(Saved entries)
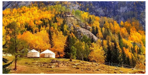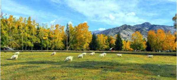 隨后的時光造訪了塔拉特民俗村。這座藏在阿爾泰山間的哈薩克族村落正被豐收的喜悅包裹,居民的院子里晾曬有金黃的玉米,屋檐下掛著一串串紅辣椒,牛羊在村外的草地上悠閑啃食,遠處傳來幾聲牧人的吆喝,充滿了生活氣息。走進一戶村民家,主人熱情地端上醇厚香甜的奶茶與外酥里嫩的馕餅。陽光透過氈房的格窗灑進來,在地上投下斑駁的光影。坐在鋪著絨毯的炕上聽戶主講述生活點滴,忽然覺得所謂歲月靜好,大抵就是這煙火尋常吧。
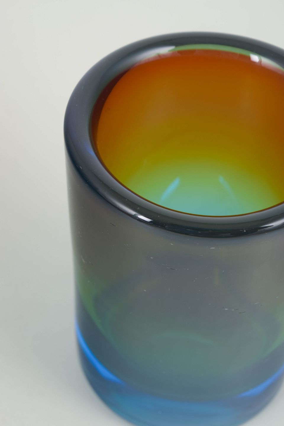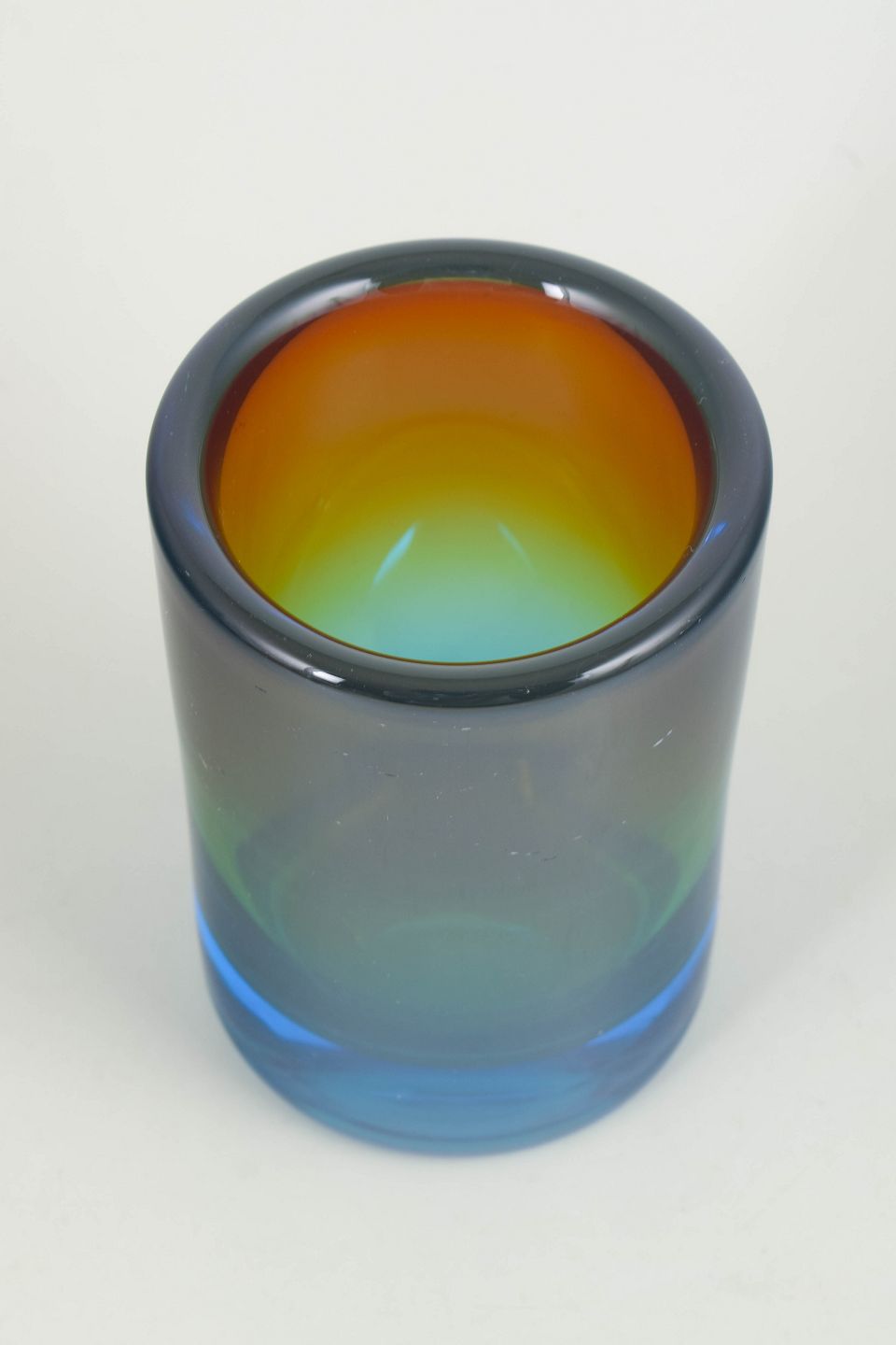 Cylindrical art glass vase in thick clear glass with a multicoloured gradient in blue, green, and warm tones. The model is characterised by a heavy base and evenly ground edges.
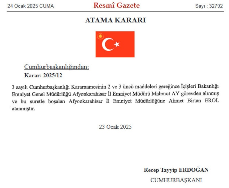 Karara göre, Afyonkarahisar İl Emniyet Müdürü Mahmut Ay görevden alındı.
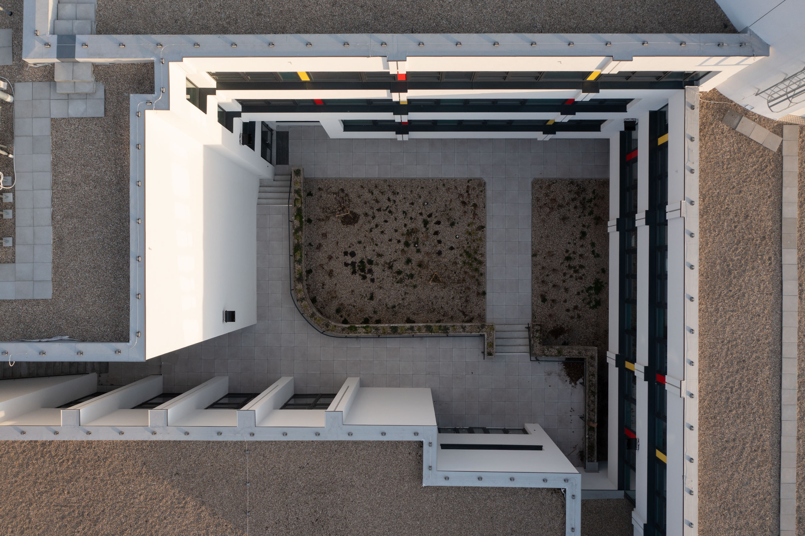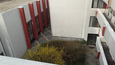 Dôležitým exteriérovým priestorom je aj átrium ohraničené blokom školy a škôlky.
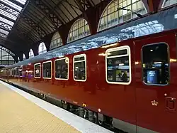 Das Königshaus von Dänemark hat einen eigenen Salonwagen, der 1979 gebaut wurde.[124] In der Praxis wird das Fahrzeug heute nur noch selten eingesetzt. Zum dänischen Hofzeremoniell gehört es, dass verstorbene Monarchen mit einem Sonderzug von Kopenhagen nach Roskilde überführt werden, wo sie im dortigen Dom traditionell ihre letzte Ruhestätte finden. In diesen Zügen wird auch immer der aktuell eingesetzte königliche Salonwagen für die Königsfamilie mitgeführt.[125] Mehrere ehemalige dänische königliche Salonwagen sind im Dänischen Eisenbahnmuseum in Odense ausgestellt:
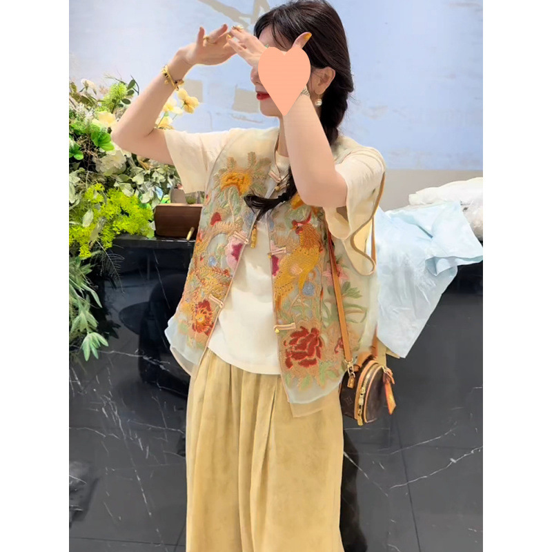 新しい中国風の女性の国民風要素刺繍ベストライト高級ハイエンドワイドレッグパンツ 3 点セット 2025 夏の新スタイル
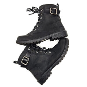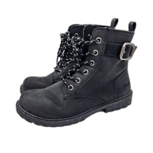 Blowfish Malibu Reyez-Ki Combat Boot Black Faux Leather Buckle Zip Girls Size 3

### Problem requirements
Nothing but the lines from the line containing "Dôležitým exteriérovým priestorom" through the last line of the records above should be written out, exactly and without the pictures.

### Answer to this problem
 Dôležitým exteriérovým priestorom je aj átrium ohraničené blokom školy a škôlky.
 Das Königshaus von Dänemark hat einen eigenen Salonwagen, der 1979 gebaut wurde.[124] In der Praxis wird das Fahrzeug heute nur noch selten eingesetzt. Zum dänischen Hofzeremoniell gehört es, dass verstorbene Monarchen mit einem Sonderzug von Kopenhagen nach Roskilde überführt werden, wo sie im dortigen Dom traditionell ihre letzte Ruhestätte finden. In diesen Zügen wird auch immer der aktuell eingesetzte königliche Salonwagen für die Königsfamilie mitgeführt.[125] Mehrere ehemalige dänische königliche Salonwagen sind im Dänischen Eisenbahnmuseum in Odense ausgestellt:
 新しい中国風の女性の国民風要素刺繍ベストライト高級ハイエンドワイドレッグパンツ 3 点セット 2025 夏の新スタイル
 Blowfish Malibu Reyez-Ki Combat Boot Black Faux Leather Buckle Zip Girls Size 3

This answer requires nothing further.